Critical Monitoring During Taper

Monitor closely for:

• Changes in mood or behavior, particularly in patients under 24 years old 1
• Vital signs, especially blood pressure 1
• Emergence of depressive symptoms that may indicate need for alternative treatment 1

Special Population Considerations

Older adults require modified approach:

• Consider tapering in 37.5 mg decrements rather than the standard 150 mg reduction 1
• This slower approach minimizes risk of adverse reactions in this vulnerable population 1

Patients on naltrexone-bupropion combination therapy:

• Must discontinue before any procedure requiring opioid analgesia 1
• This is a critical safety consideration often overlooked 1

Common Pitfalls to Avoid

Do not ignore formulation differences:

• SR formulations require twice-daily dosing adjustments 1
• XL formulations are once daily 1
• These are not interchangeable without dose adjustment 1

Do not abruptly discontinue:

• While bupropion is not associated with the severe withdrawal syndromes seen with SSRIs or opioids, gradual reduction is still recommended by the FDA 2
• The single-step taper (300 mg to 150 mg to zero) is the minimum recommended approach 2

Clinical Context

Unlike SSRIs, which may require hyperbolic tapering over months to minimize withdrawal symptoms 3, bupropion has a more straightforward discontinuation profile.

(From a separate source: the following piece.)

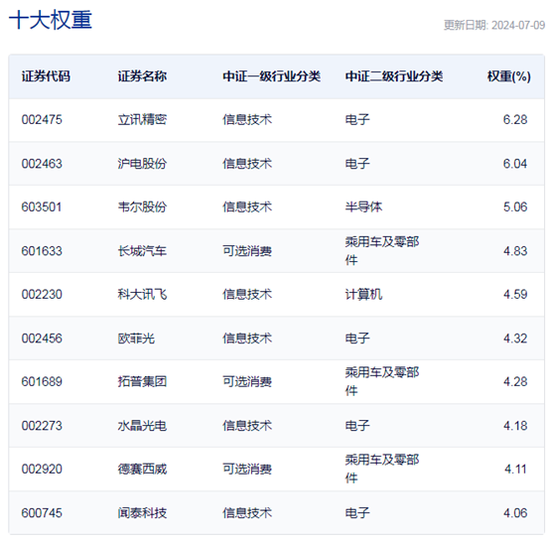 中证车联网主题指数主要权重股
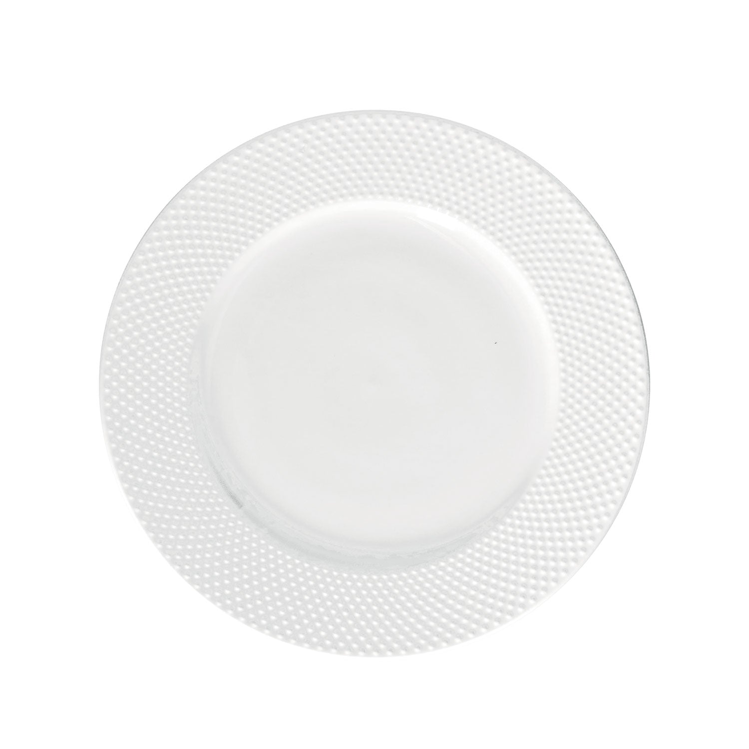 The passepartout color par excellence - white - combines with a very delicate relief decoration. A dotted motif that adorns each product in the collection with indescribable grace. For a table capable of recalling beauty in every season. Set consisting of 6 plates.

The FDA-approved label provides clear guidance for a simple one-step dose reduction before complete cessation 2. This reflects bupropion's unique mechanism of action (norepinephrine-dopamine reuptake inhibition) which does not produce the same withdrawal phenomena as serotonergic agents 2.

The timing of initiation and duration at the reduced dose should be individualized based on patient response and tolerability, but the dose reduction itself (300 mg to 150 mg) is standardized 2.